START INFORMATION

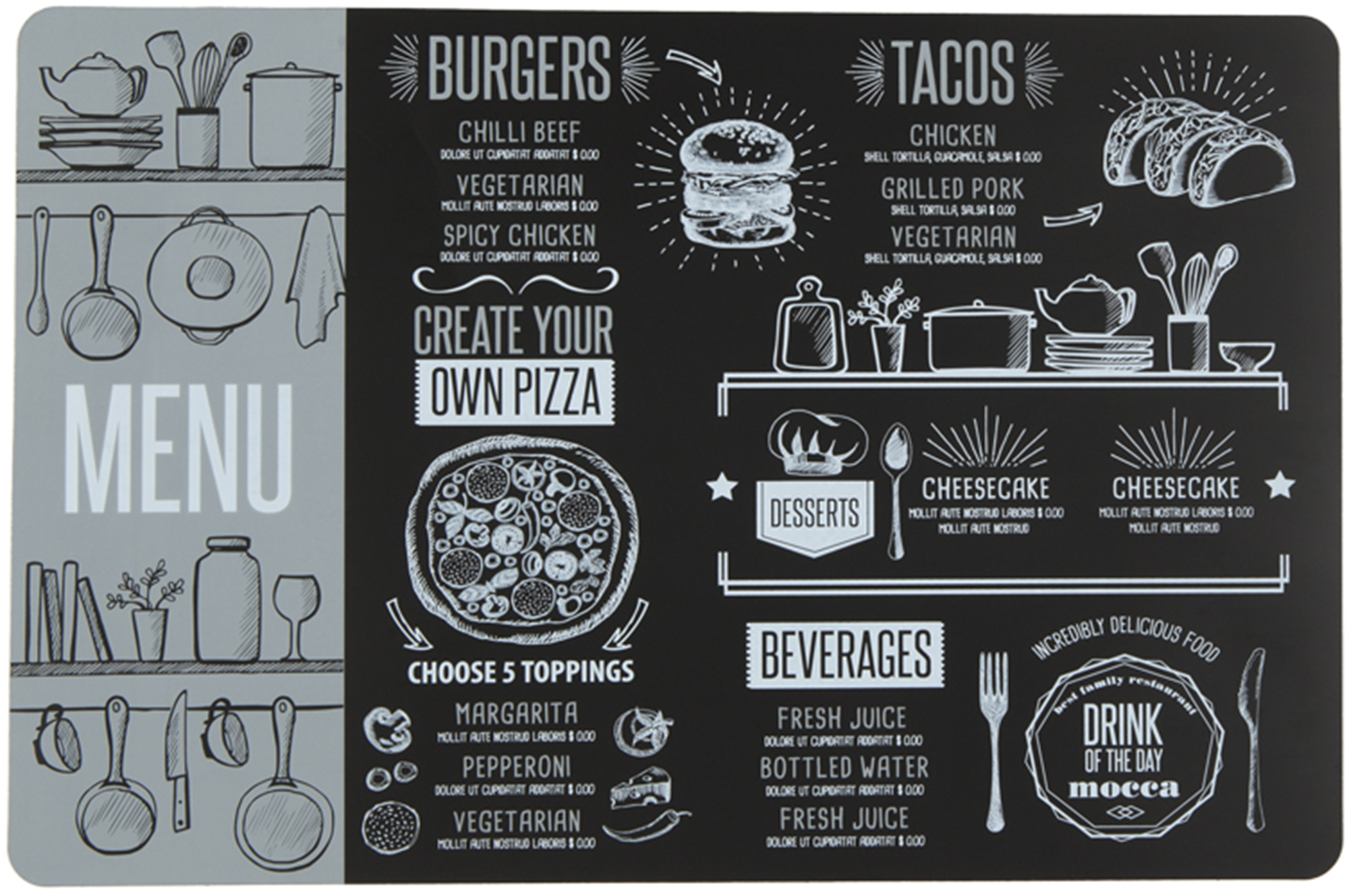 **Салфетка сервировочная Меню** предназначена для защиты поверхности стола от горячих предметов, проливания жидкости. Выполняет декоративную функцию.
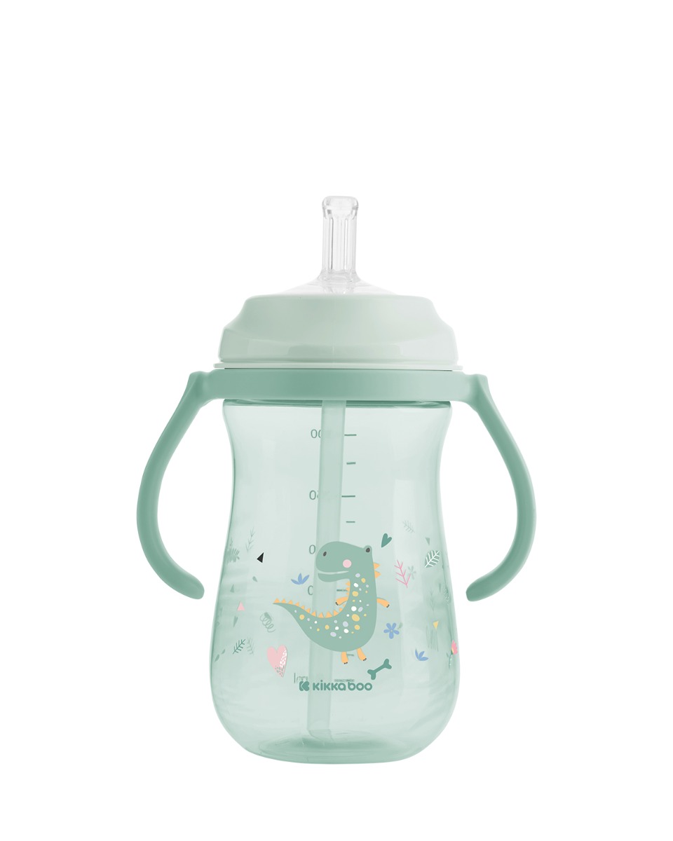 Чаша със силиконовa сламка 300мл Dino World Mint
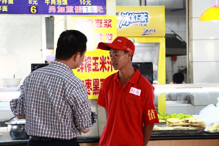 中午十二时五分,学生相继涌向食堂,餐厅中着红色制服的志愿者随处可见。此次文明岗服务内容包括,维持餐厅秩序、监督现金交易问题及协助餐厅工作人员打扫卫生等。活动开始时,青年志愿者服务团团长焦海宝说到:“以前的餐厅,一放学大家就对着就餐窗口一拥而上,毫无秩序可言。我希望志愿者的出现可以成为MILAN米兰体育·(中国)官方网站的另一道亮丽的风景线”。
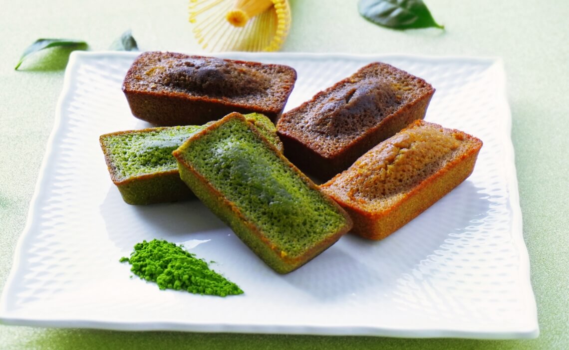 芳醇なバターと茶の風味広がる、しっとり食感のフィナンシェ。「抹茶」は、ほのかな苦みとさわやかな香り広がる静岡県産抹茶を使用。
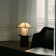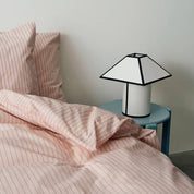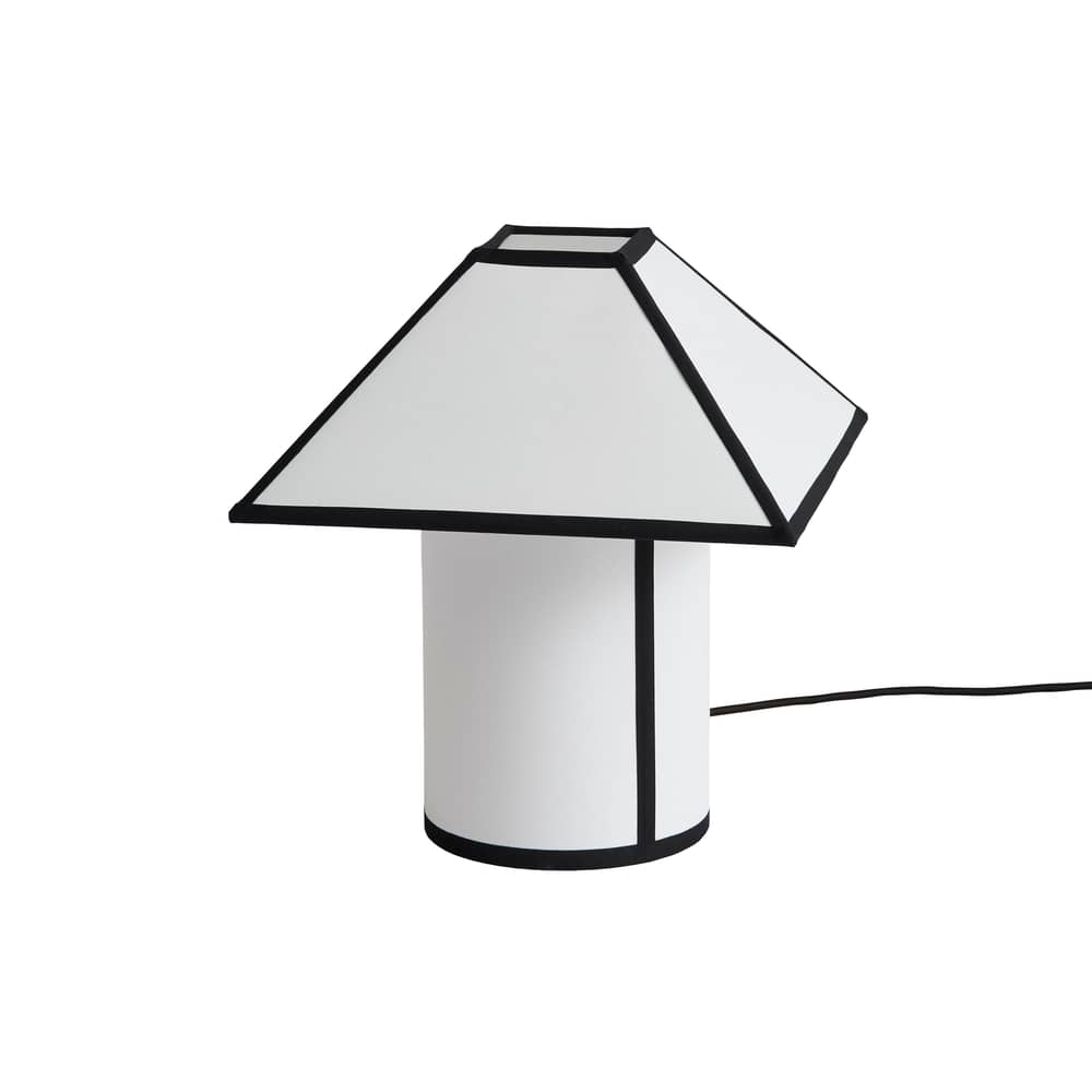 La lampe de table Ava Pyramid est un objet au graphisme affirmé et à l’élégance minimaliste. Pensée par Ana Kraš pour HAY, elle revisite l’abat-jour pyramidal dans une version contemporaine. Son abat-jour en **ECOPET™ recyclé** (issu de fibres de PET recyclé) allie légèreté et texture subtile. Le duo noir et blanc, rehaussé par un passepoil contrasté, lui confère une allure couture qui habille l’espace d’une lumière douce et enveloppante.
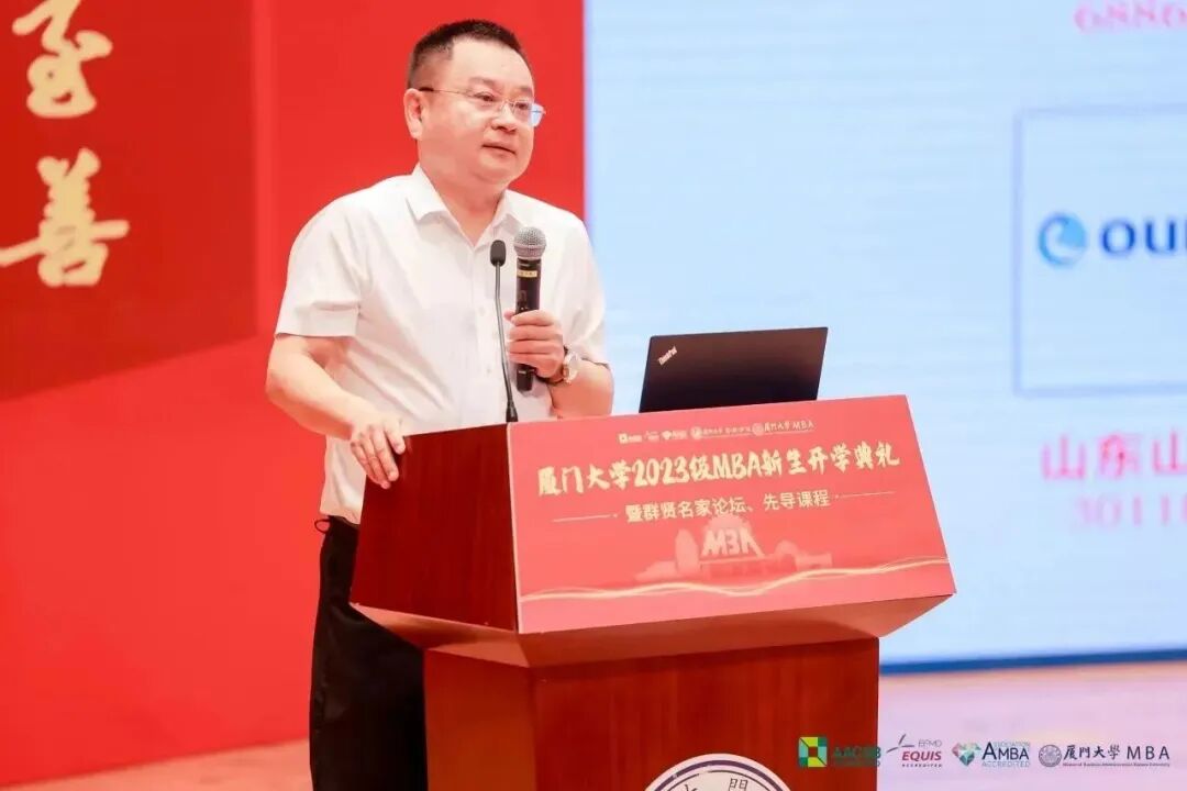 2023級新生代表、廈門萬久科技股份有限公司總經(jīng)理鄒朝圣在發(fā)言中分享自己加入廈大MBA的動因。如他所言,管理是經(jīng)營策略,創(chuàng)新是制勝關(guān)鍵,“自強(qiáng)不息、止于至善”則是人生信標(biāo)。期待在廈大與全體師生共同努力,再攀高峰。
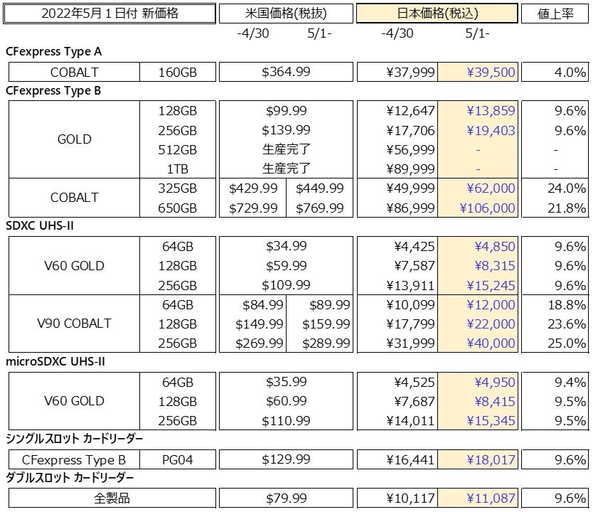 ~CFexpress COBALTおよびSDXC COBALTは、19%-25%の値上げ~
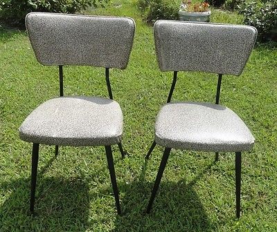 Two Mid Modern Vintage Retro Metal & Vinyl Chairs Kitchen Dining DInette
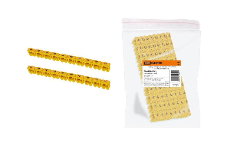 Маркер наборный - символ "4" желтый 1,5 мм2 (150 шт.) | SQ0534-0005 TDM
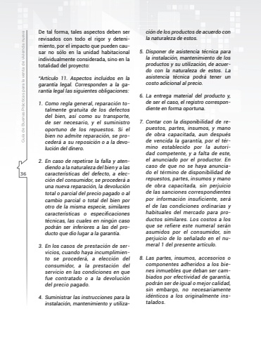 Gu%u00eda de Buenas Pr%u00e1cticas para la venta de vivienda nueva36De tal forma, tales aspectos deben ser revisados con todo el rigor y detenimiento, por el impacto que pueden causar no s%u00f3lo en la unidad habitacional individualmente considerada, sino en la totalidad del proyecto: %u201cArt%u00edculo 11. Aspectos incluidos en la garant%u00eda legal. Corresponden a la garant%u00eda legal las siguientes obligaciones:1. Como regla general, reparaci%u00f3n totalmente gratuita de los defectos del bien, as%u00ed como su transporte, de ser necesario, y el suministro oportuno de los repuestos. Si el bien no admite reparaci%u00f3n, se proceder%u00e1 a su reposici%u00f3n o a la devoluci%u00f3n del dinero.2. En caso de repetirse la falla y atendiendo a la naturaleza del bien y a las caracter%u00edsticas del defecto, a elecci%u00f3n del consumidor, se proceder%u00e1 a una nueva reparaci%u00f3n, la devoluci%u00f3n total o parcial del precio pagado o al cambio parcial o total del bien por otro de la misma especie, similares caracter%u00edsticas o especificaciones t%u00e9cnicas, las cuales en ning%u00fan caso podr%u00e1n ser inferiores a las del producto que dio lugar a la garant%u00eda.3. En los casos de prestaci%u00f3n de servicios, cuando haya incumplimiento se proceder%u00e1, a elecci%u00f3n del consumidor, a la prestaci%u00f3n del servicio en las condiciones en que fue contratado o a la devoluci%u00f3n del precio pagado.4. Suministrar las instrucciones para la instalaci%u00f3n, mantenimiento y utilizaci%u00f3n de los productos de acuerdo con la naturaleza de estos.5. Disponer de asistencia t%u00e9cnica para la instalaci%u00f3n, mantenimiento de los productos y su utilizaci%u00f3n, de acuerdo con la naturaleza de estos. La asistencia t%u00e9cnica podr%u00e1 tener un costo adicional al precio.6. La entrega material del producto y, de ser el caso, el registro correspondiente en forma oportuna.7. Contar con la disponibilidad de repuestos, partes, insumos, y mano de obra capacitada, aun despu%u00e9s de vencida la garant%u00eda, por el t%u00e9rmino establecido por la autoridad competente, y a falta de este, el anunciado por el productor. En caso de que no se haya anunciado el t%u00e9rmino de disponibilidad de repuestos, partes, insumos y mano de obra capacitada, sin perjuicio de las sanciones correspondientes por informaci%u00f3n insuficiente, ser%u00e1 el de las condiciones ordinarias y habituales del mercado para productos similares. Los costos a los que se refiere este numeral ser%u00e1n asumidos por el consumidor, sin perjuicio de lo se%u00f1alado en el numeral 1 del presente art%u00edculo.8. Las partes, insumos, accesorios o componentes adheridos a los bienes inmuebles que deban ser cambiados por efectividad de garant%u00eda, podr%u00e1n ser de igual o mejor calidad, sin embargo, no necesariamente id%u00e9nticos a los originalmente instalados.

END INFORMATION

* _TO DO_
The reply should hold exactly the lines above, starting at the line with "中午十二时五分,学生相继涌向" and ending at the line with "芳醇なバターと茶の風味広がる", and no pictures.

* _RESULT OF THIS EXERCISE_
 中午十二时五分,学生相继涌向食堂,餐厅中着红色制服的志愿者随处可见。此次文明岗服务内容包括,维持餐厅秩序、监督现金交易问题及协助餐厅工作人员打扫卫生等。活动开始时,青年志愿者服务团团长焦海宝说到:“以前的餐厅,一放学大家就对着就餐窗口一拥而上,毫无秩序可言。我希望志愿者的出现可以成为MILAN米兰体育·(中国)官方网站的另一道亮丽的风景线”。
 芳醇なバターと茶の風味広がる、しっとり食感のフィナンシェ。「抹茶」は、ほのかな苦みとさわやかな香り広がる静岡県産抹茶を使用。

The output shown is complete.